銀行で働くイメージの一つが
「パワハラがすごそう」。
10数年の銀行勤務経験から言うと
『パワハラは明らかに減った。しかし、ひとたび起こったパワハラはエゲツない』です。
ということで、今この瞬間にパワハラで苦しむ人が状況を打破するため、銀行のパワハラ分析を行いました。
この記事を読むと、
- 銀行でのパワハラの実態がわかる
- パワハラへの対処法がわかる
といったメリットがあります。
ぜひご覧ください!
昨今の銀行パワハラ事情
私が入行した2000年代と比べると、パワハラは明らかに減少しています。
理由は、2019年に施行されたパワハラ防止法。
事業主に、パワーハラスメント防止のため、相談体制の整備等の雇用管理上の措置を講じることを義務付ける。
厚生労働省「労働施策総合推進法の改正」
この法律は、
- 銀行など事業者に、パワハラ対応策を整備すること
- 義務違反があったら、事業者を処分すること
を定めたもの。
また、この法律では、職場でのパワハラを6つの類型に定義づけています。
- 身体的な攻撃
:暴行・傷害 - 精神的な攻撃
:脅迫・名誉毀損・侮辱・ひどい暴言 - 人間関係からの切り離し
:隔離・仲間外し・無視 - 過大な要求
:明らかに不要・不可能なことの強制、仕事の妨害 - 過小な要求
:能力とかけ離れた仕事を命じる・仕事を与えない - 個の侵害
:私的なことに過度に立ち入ること
私の実感として、特に銀行で多いと感じるのは
- 上司による「精神的な攻撃」
- 上司だけでなく周囲も巻き込んだ「人間関係からの切り離し」
- 上司・部下からの「過大な要求」
の3つです。
「身体的な攻撃」は
ほとんどありません。
パワハラを分析する理由
私たちは、パワハラの種類を知った上で、
自分の身に起きたパワハラに対し、適切な対処を行うための実践的な知恵を身につける必要があります。
パワハラは、
- 被害者
- 加害者
- 周囲環境
- パワハラ手段
この4つの要素が全てそろったときに発生します。
逆に言えば、これら要素のうちの1つでも無くすことができれば、状況を変えることができます。

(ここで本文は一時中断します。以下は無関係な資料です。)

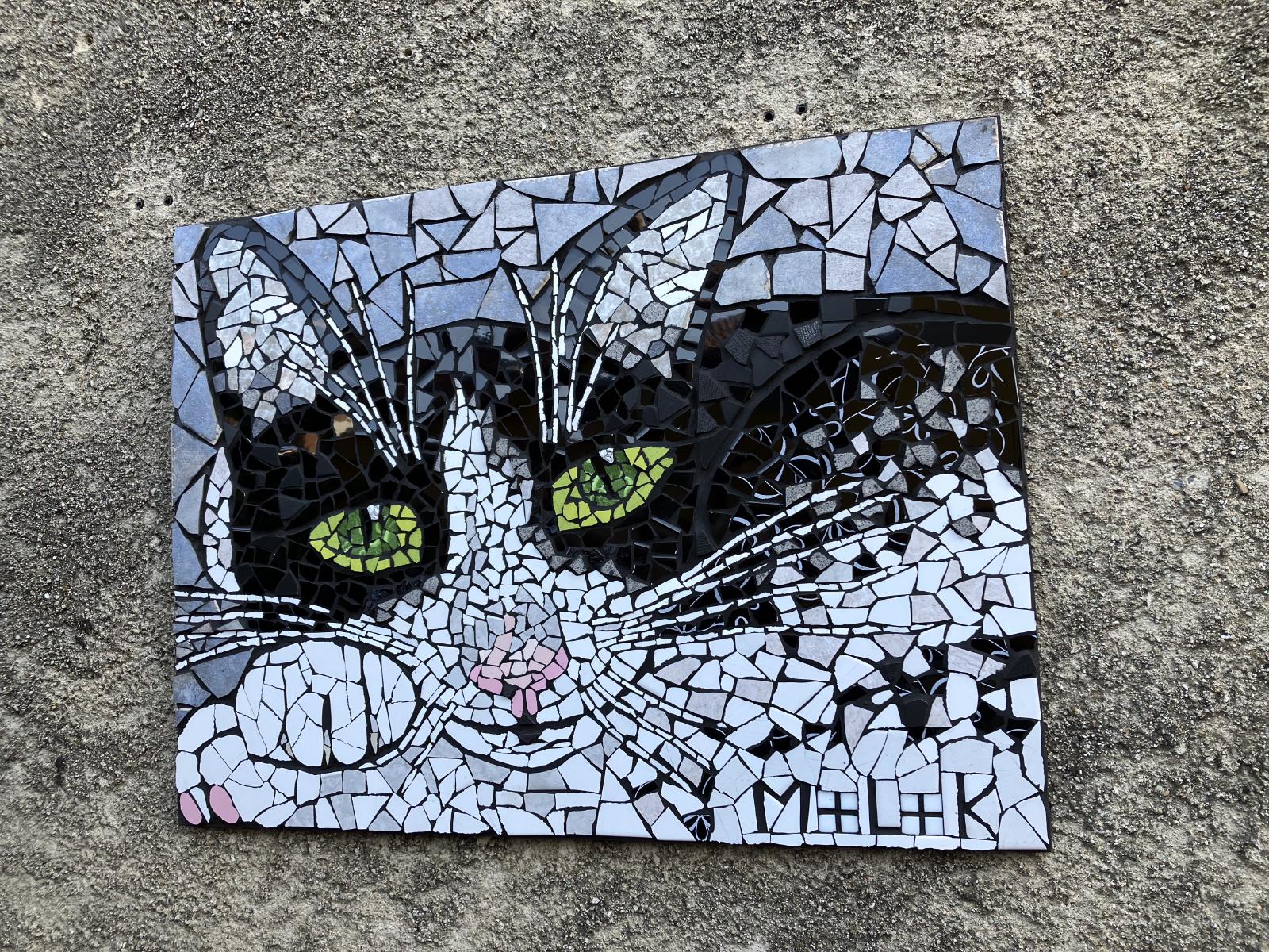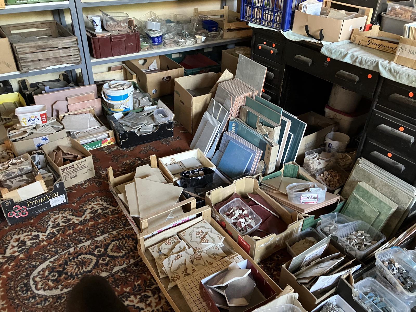 We got to see her collection of old tiles that she uses to make the mosaics.

『周囲環境』を変えることや『パワハラ手段』の無効化などがパワハラ防止に極めて有効!
ということで、具体的なパワハラ事例を『被害者・加害者・周囲環境・手段』の観点で分析しつつ、「パワハラにどう対処すべきか?」を考えていきましょう。
パワハラ事例と対処法
それでは、4つのパワハラ事例と適切な対処法をみていきましょう。
怒鳴る!吠える!叫ぶ!
まずは、定番のパワハラ。
大声で、きたない言葉を使い、キレ散らかす「ブチギレ系パワハラ」です。
この種のパワハラが起こりやすいのが渉外担当(営業担当)。
目標を達成できなかったときなど、怒涛のごとく問い詰められ罵倒されます。
被害者にしてみれば、成果をあげればいいことは十分承知です。
しかし、経験が浅いため、どうすればいいのか分からない。あるいは、どんなに頑張ってもうまくいかないこともあります。
一方で『加害者』は、“部下の成果があがらない” という課題の根本的な原因を把握できず、代わりに部下にキレ散らかすヤバい人。

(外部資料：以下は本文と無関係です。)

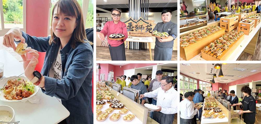 縣長一行人隨後前往文化園區內的「金獅苑」蔬食餐廳參訪。金獅苑由青年團隊經營,以蔬食料理為主要特色,並嘗試將金門在地食材與西式料理風格結合,打造具有地方特色的餐飲品牌。餐廳空間採大面落地窗設計,採光明亮,讓用餐民眾能在品嚐美食的同時欣賞園區湖畔景觀與自然環境,營造舒適且富有文化氛圍的用餐空間。餐廳負責人簡先生表示,團隊在餐點設計上嘗試將金門燒餅、貢糖與高粱等在地元素融入料理之中,希望讓顧客在味覺體驗中感受金門文化特色,未來也規劃結合音樂演出推出夜間文化餐飲活動,透過餐飲與藝文展演的結合,提升文化園區夜間活動能量,吸引更多民眾走進園區體驗多元文化氛圍。
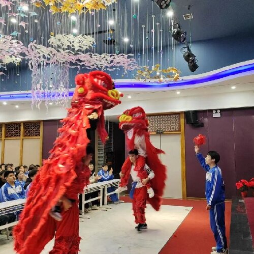 “千淘万漉虽辛苦,吹尽狂沙始到金。”百日誓师大会的第一项议程,全体起立,奏唱国歌!在庄严隆重的仪式后,由我校一二年级学生组成的舞狮团队,为三年级的学长学姐们进行了一场精彩绝伦的舞狮表演。狮跃祥云,寓意着学子们的勇敢与智慧。这不仅是中华传统文化的精彩展现,更是对学子们未来前程的美好祝愿。
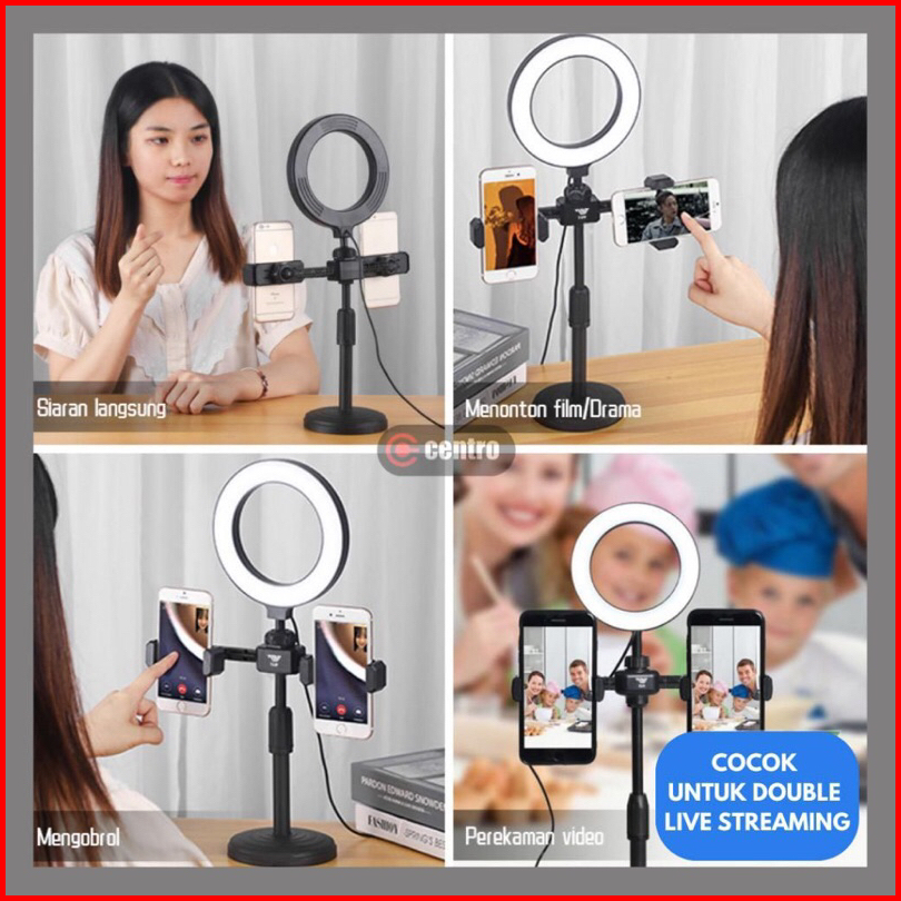 Tripod 28cm 2 Holder Hp Lampu Ringligth 16cm Stand Hp Selfie Vlogging Podcast Review Nonton
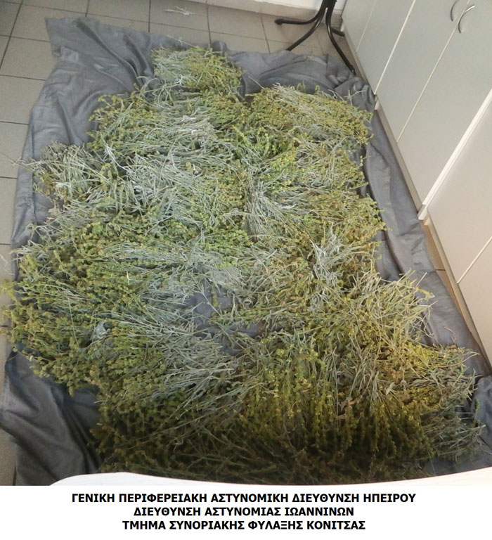 Ειδικότερα, ύστερα από αξιοποίηση πληροφοριών, κλιμάκιο αστυνομικών του Τμήματος Συνοριακής Φύλαξης Κόνιτσας, σε συνεργασία με αστυνομικούς του Αστυνομικού Τμήματος Κόνιτσας και του Αστυνομικού Σταθμού Πυρσόγιαννης, εντόπισαν και συνέλαβαν τον αλλοδαπό, όταν διαπίστωσαν ότι είχε προβεί παράνομα στη συλλογή ποσότητας του αρωματικού – θεραπευτικού φυτού σιδερίτης («τσάι του βουνού»), βάρους -7- κιλών και -930- γραμμαρίων, η οποία κατασχέθηκε.
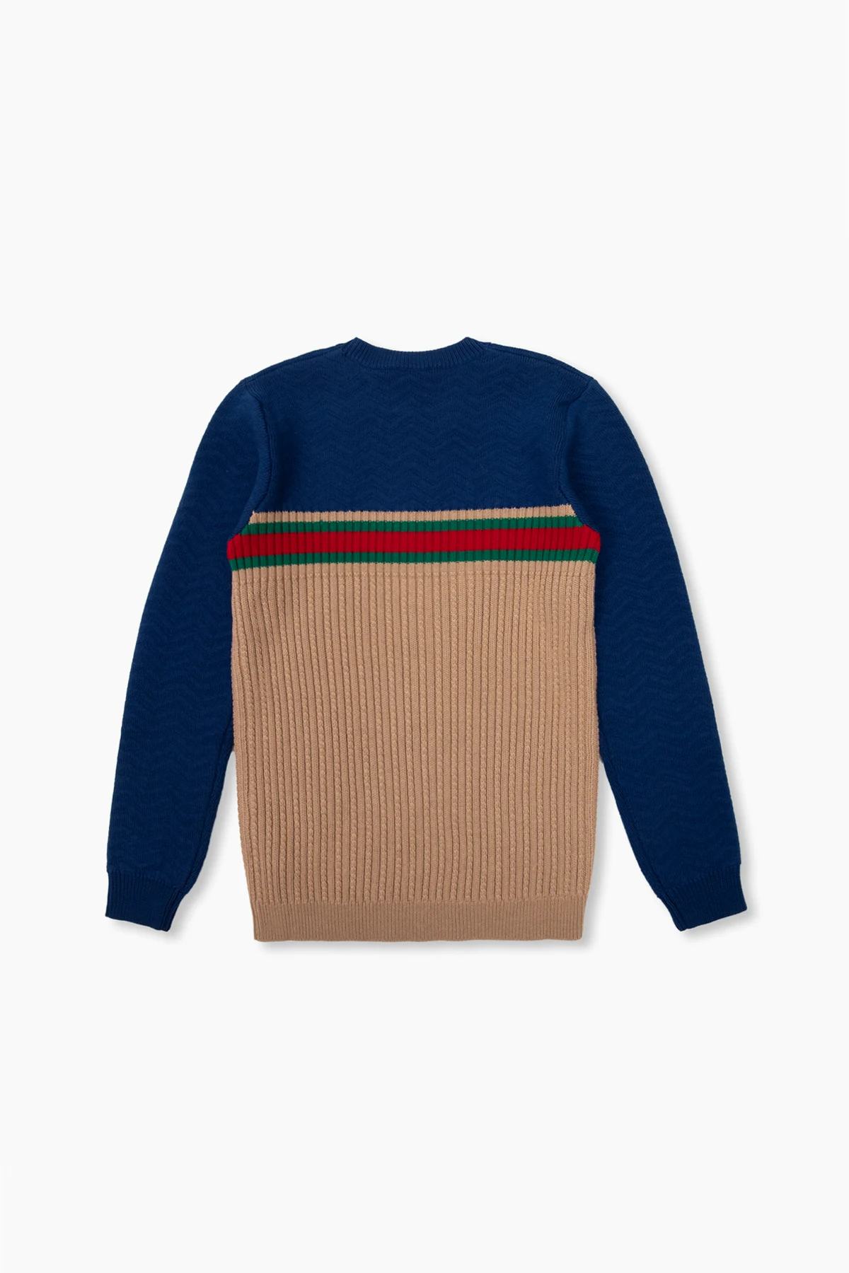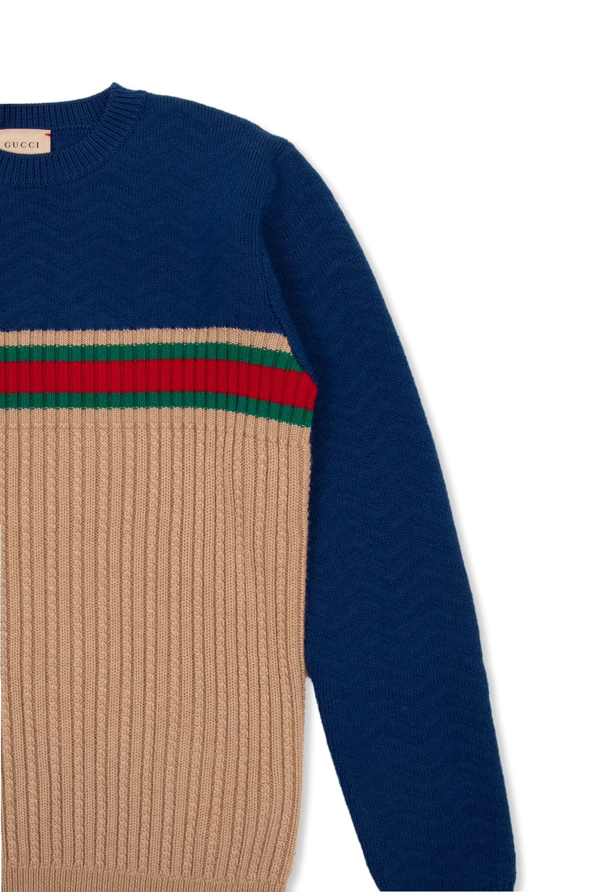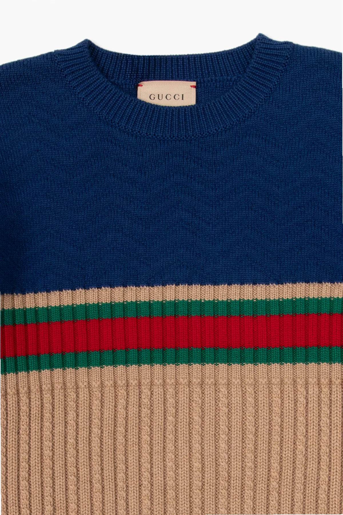 Beige and dark blue sweater from Gucci Kids. Made of wool, this garment is enriched by a green and red Web stripe and ribbed trims at the crew neck, hem and cuffs.
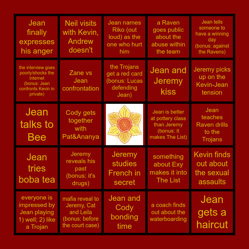 This bingo card has a free space and 24 words: Jeremy reveals his past (bonus: it's drugs), mafia reveal to Jeremy, Cat and Leila (bonus: before the court case), the Trojans get a red card (bonus: Lucas defending Jean), everyone is impressed by Jean playing 1) well; 2) like a Trojan, Jean tells someone to have a winning day (bonus: against the Ravens), Jean finally expresses his anger, the interview goes poorly/shocks the internet (bonus: Jean confronts Kevin in private), Neil visits with Kevin, Andrew doesn't, Jean is better at pottery class than Jeremy (bonus: it makes The List), Jeremy studies French in secret, Jean and Jeremy kiss, Jean talks to Bee, something about Exy makes it into The List, Kevin finds out about the sexual assaults, Zane vs Jean confrontation, a coach finds out about the waterboarding, Jean teaches Raven drills to the Trojans, Jean names Riko (out loud) as the one who hurt him, Jeremy picks up on the Kevin-Jean tension, Cody gets together with Pat&Ananya, Jean gets a haircut, Jean tries boba tea, a Raven goes public about the abuse within the team and Jean and Cody bonding time.
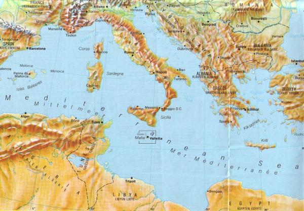 Where is Malta located? Just south of Sicily in the middle of the Mediterranean (see rectangle in map below).

2019年パワハラ防止法が施行された今なお、ブチギレ系パワハラする人は、犯罪行為を行っているといっても過言ではありません。
対処の糸口は『加害者』を徹底的につぶすこと。
具体的には
パワハラ対応の所管部署に通報。
重要なのは『報告するための事実を、できる限り細かくしっかりと記録すること』。
この詳細な事実記録があれば、報告を受けた部署が正しく判断してくれます。
事実記録の書き方は、以下をご参考ください。
2023年1月27日(金)
16:10 ○○社との交渉が競合銀行の低利提案のため、難航していることを●●課長に報告。
16:15 ●●課長から胸ぐらを掴まれ、壁に押し付けられ、「交渉まとめるまで帰ってくるな」と激しく怒鳴らた。突然の大声だったので、店内にいた行員が一斉にこちらを見た。

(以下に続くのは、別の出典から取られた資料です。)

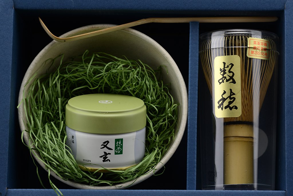 Matcha készlet Marukyu-Koyamaentől, ami a következőket tartalmazza:
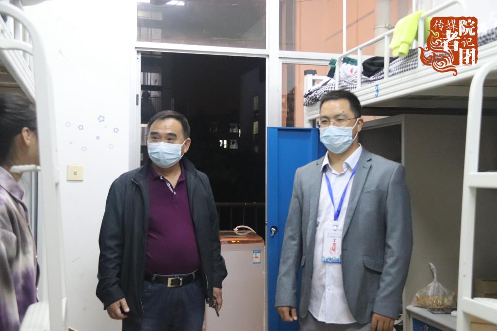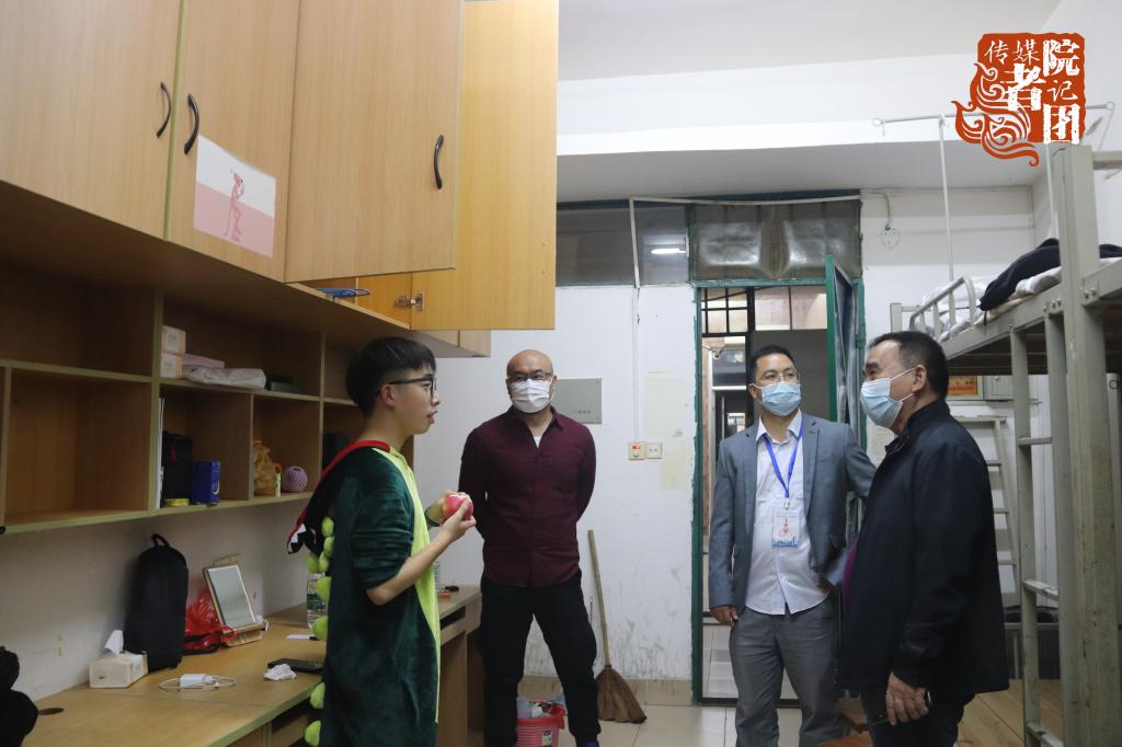 10月9日晚,传媒学院党总支书记孙俊、党总支副书记王德彬、2020新闻传播类辅导员曹依婷、2020播音与主持艺术和广播电视编导专业辅导员蒋承良、播音与主持艺术专任教师崔鸿林以及班助一同走访了新生宿舍。
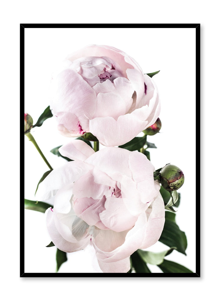 Two pretty peonies in the softest of pinks fill the space of this floral print with a soft, delicate texture you can almost feel.
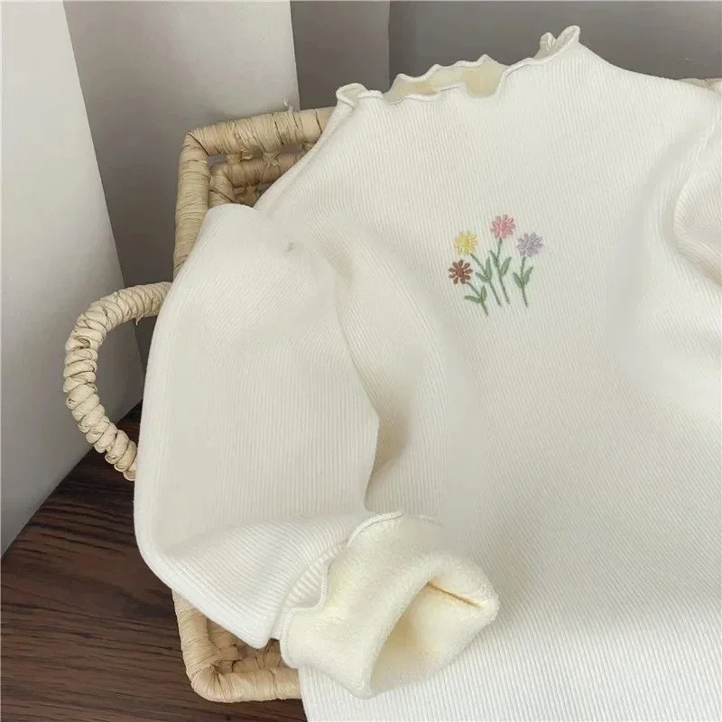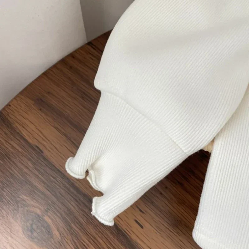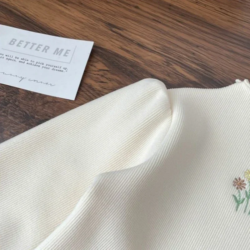 Description: Wrapped in warmth and cuteness 🧶! This puffy-sleeve embroidered sweater keeps your baby comfy and fashionable all season long 💕🌨️.
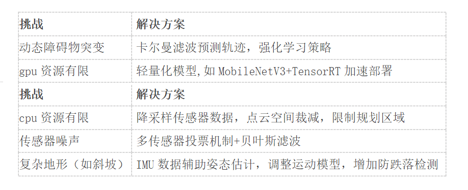 远近分工:3D雷达点云检测远端全局障碍,深度相机识别近端局部障碍。

19:30 再交渉を終え帰社。交渉不成立を報告。●●課長より「帰ってくるな。死ぬまで交渉しろ。目標未達は全部おまえのせいだ。仕事辞めろ。」など激しく罵倒。土下座を強要。
「発言内容」や「周りの反応」を細かく記録を取りましょう。
当然、この事実記録においてウソや誇張表現を行ってはいけません。
ねちねち説教・長時間拘束
ブチギレ事例の真逆が、ネチネチ説教をひたすら続ける「長時間拘束パワハラ」。
あまりの長さに精神力も体力も奪われます。
質問形式で詰められていくケースもあり、
なんで数字、とれねーんだっ!!?
も、申し訳ございません!
なんでか聞いてんだよっっ!!?
競合の●●銀行が、かなり食い込んでいて、なかなか崩せなくて・・・
言い訳してんじゃねーーーっっ!
大体、おまえはな・・・くぁwせdrftgyふじこlp
理不尽なエンドレス説教が続いたりします。
また、仕事をする時間も奪われることになるので、本来やるべきことができず、「なんで仕事が終わってねーんだよ!」と新たな切り口で怒られることも。これもまた、めちゃくちゃ理不尽です。
こんなときには『パワハラ手段』を無効化することで、状況を打開しましょう。
ポイントは
「どんな状況になったら、相手が長時間拘束できなくなるか?」です。
以下に列挙するので、使えそうな手段をさがしてみてください!
周りを巻き込む集団無視
パワハラの中心人物からの圧力により、周囲の人からも無視される「集団無視パワハラ」。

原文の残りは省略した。